2024-05-13 10:36:16 UTC

I'm sure they will. Right now it's, though, it's bleeding edge and it'll take some time for these ideas to mature and be adapted to the particular idioms of these more stable packages.

weinzierl

0 replies

4h23m

2024-05-13 14:03:01 UTC

"For this post, we’re going to focus on the NVIDIA H100 [... because] we think the trends it implies are going to continue in future generations, and probably from other manufacturers, too."

Is it though? Wouldn't we expect to see more advanced packaging technology eventually?

If that happens the increased memory bandwidth could be an enabler for a unified memory architecture like in the Nvidia Jetson line. In turn that would make a lot of what the article says make GPU go Brr today moot.

roschdal

0 replies

9h14m

2024-05-13 09:12:21 UTC

ChatGPT - the largest electricity bill in the world.

nmstoker

0 replies

20h17m

2024-05-12 22:09:11 UTC

Some related material here too:

https://twitter.com/bfspector/status/1789749117104894179?t=k...

lucidrains

0 replies

3h16m

2024-05-13 15:10:02 UTC

would be interested to see thunderkittens (great name!) tackle the flash attention backwards pass, which is an order of magnitude harder than the forward

danjl

0 replies

1h42m

2024-05-13 16:44:08 UTC

I bet traditional image processing would love to be implemented in ThunderKitten.

cl3misch

0 replies

11h4m

2024-05-13 07:22:05 UTC

The unswizzled shared memory layouts suffer from very poor coalescing

If I didn't know any better I'd consider it technobabble

bombela

0 replies

7h31m

2024-05-13 10:55:20 UTC

I cannot tell for sure if units are really all power of 10.
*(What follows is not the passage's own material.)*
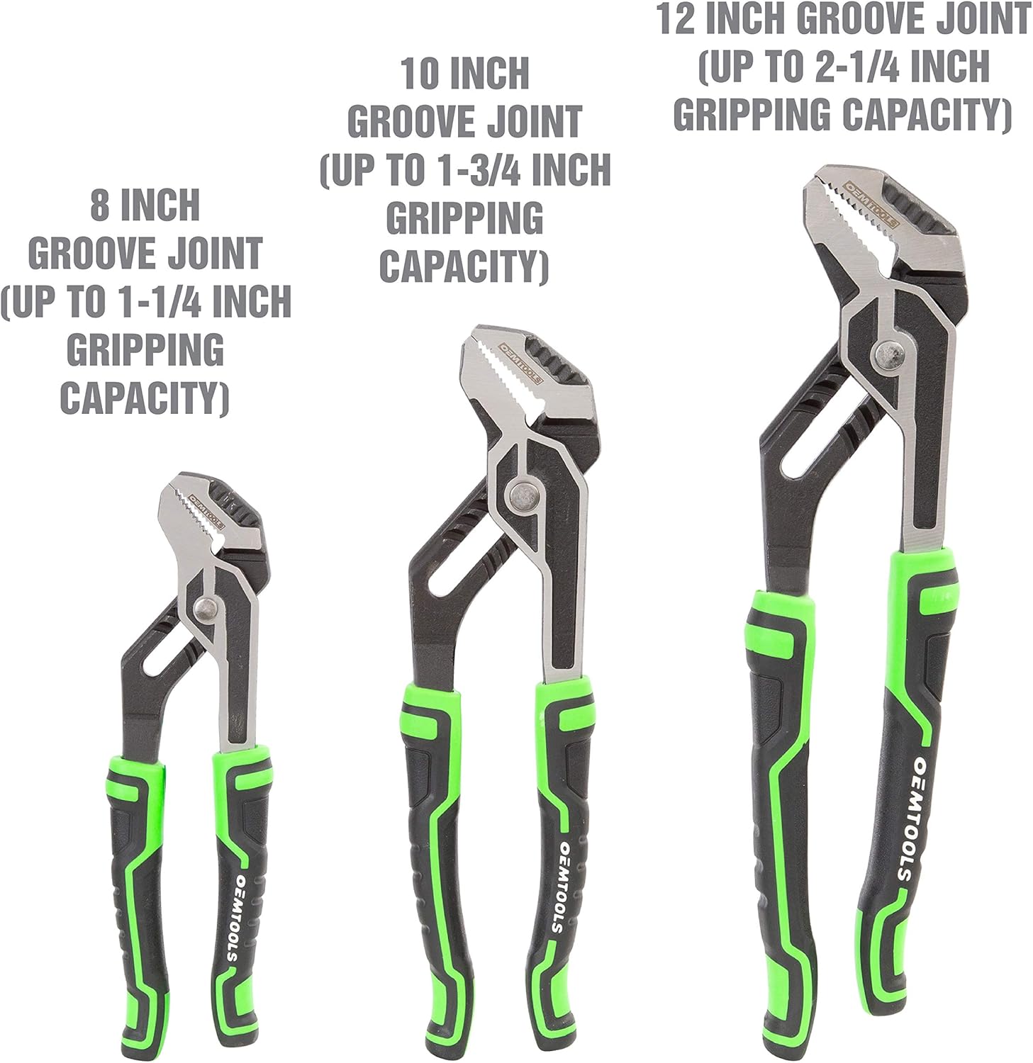 The OEMTOOLS 22648 3 Piece Groove Joint Pliers Set is built for gripping, pulling, and turning tasks in automotive, plumbing, and general repair work. This set includes 8", 10", and 12" pliers with jaw capacities ranging from 1.25" to 2.25", giving you the flexibility to grip a variety of pipe sizes, fasteners, and fittings. Each plier is constructed from chrome vanadium steel for strength and durability, with hardened teeth for a secure, wear-resistant grip. The electro-plated finish resists rust and corrosion in tough environments. Ergonomic TPR grips provide control and comfort, helping reduce hand fatigue during extended use. Designed for professionals and serious DIYers, this pliers set delivers reliable performance on the job or in the garage.

I found some datasheet that states 80GB of VRAM, and a BAR of 80GiB. All caches are also in power of two. The bandwidth are all power of 10 though.
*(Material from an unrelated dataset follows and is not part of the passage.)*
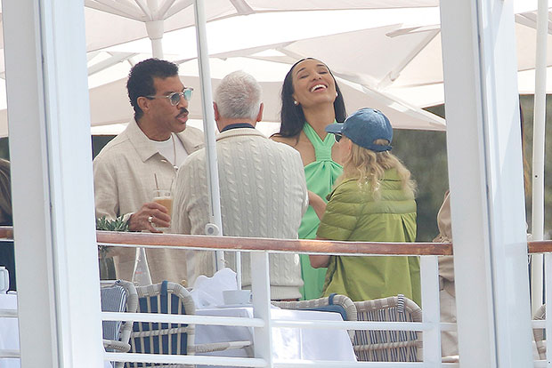 Lionel Richie and his girlfriend Lisa Parigi were spotted celebrating his daughter Sofia Richie’s wedding at the Hotel du Cap-Eden-Roc in France on Saturday. The legendary singer/songwriter, 73, certainly looked the proud papa as he was all smiles hanging out with Lisa, 33, and a group of friends during the star-studded weekend. Rocknig a tan jacket and white shirt, Lionel shared a hearty laugh with Lisa, who looked spectacular in a bright green gown.

https://www.nvidia.com/content/dam/en-zz/Solutions/gtcs22/da...

apsec112

0 replies

17h45m

2024-05-13 00:41:39 UTC

Interesting! Would this support fp8? Does anyone know how it would compare to Triton?

_spl

0 replies

8h58m

2024-05-13 09:28:39 UTC

It reminds me of when I first read about superscalar CPU architecture and was amazed. GPUs are really next level.

WanderPanda

0 replies

18h6m

2024-05-13 00:20:22 UTC

Is this "just" CUTLASS in user friendly?

LordShredda

0 replies

3h4m

2024-05-13 15:21:55 UTC

Standford research team just published an article with a wojak in it. That by itself is bigger news than AI

DeathArrow

0 replies

11h6m

2024-05-13 07:20:14 UTC

So do their kernels and library also speed up RTX 4090?